TASK ITEM. Start with the line containing "サラダ豆や大豆の水煮を使った簡単レシピ。" and write out each line through the end of the listing, exactly as given.
---------- RECORDS SHOWN
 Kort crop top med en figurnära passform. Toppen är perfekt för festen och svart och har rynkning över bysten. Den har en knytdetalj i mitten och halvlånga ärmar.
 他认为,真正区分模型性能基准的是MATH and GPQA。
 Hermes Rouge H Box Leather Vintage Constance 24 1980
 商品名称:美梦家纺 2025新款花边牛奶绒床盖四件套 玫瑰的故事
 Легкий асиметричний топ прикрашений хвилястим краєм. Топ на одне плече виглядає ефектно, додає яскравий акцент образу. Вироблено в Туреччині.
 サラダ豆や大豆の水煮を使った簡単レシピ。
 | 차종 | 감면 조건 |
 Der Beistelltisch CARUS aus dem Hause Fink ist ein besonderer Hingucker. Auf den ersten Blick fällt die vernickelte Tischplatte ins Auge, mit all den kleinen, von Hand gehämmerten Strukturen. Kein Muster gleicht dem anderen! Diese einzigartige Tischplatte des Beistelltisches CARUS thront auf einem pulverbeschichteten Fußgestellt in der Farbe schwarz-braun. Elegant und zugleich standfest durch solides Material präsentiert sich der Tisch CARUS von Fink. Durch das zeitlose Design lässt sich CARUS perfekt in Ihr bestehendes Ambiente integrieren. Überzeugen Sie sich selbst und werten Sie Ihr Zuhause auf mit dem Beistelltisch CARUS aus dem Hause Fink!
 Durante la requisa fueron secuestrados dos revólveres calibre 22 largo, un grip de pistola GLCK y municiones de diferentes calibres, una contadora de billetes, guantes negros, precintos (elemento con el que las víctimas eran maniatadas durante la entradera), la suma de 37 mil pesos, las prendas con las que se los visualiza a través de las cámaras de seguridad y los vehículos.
--------------------
SOLVED PROBLEM.
 サラダ豆や大豆の水煮を使った簡単レシピ。
 | 차종 | 감면 조건 |
 Der Beistelltisch CARUS aus dem Hause Fink ist ein besonderer Hingucker. Auf den ersten Blick fällt die vernickelte Tischplatte ins Auge, mit all den kleinen, von Hand gehämmerten Strukturen. Kein Muster gleicht dem anderen! Diese einzigartige Tischplatte des Beistelltisches CARUS thront auf einem pulverbeschichteten Fußgestellt in der Farbe schwarz-braun. Elegant und zugleich standfest durch solides Material präsentiert sich der Tisch CARUS von Fink. Durch das zeitlose Design lässt sich CARUS perfekt in Ihr bestehendes Ambiente integrieren. Überzeugen Sie sich selbst und werten Sie Ihr Zuhause auf mit dem Beistelltisch CARUS aus dem Hause Fink!
 Durante la requisa fueron secuestrados dos revólveres calibre 22 largo, un grip de pistola GLCK y municiones de diferentes calibres, una contadora de billetes, guantes negros, precintos (elemento con el que las víctimas eran maniatadas durante la entradera), la suma de 37 mil pesos, las prendas con las que se los visualiza a través de las cámaras de seguridad y los vehículos.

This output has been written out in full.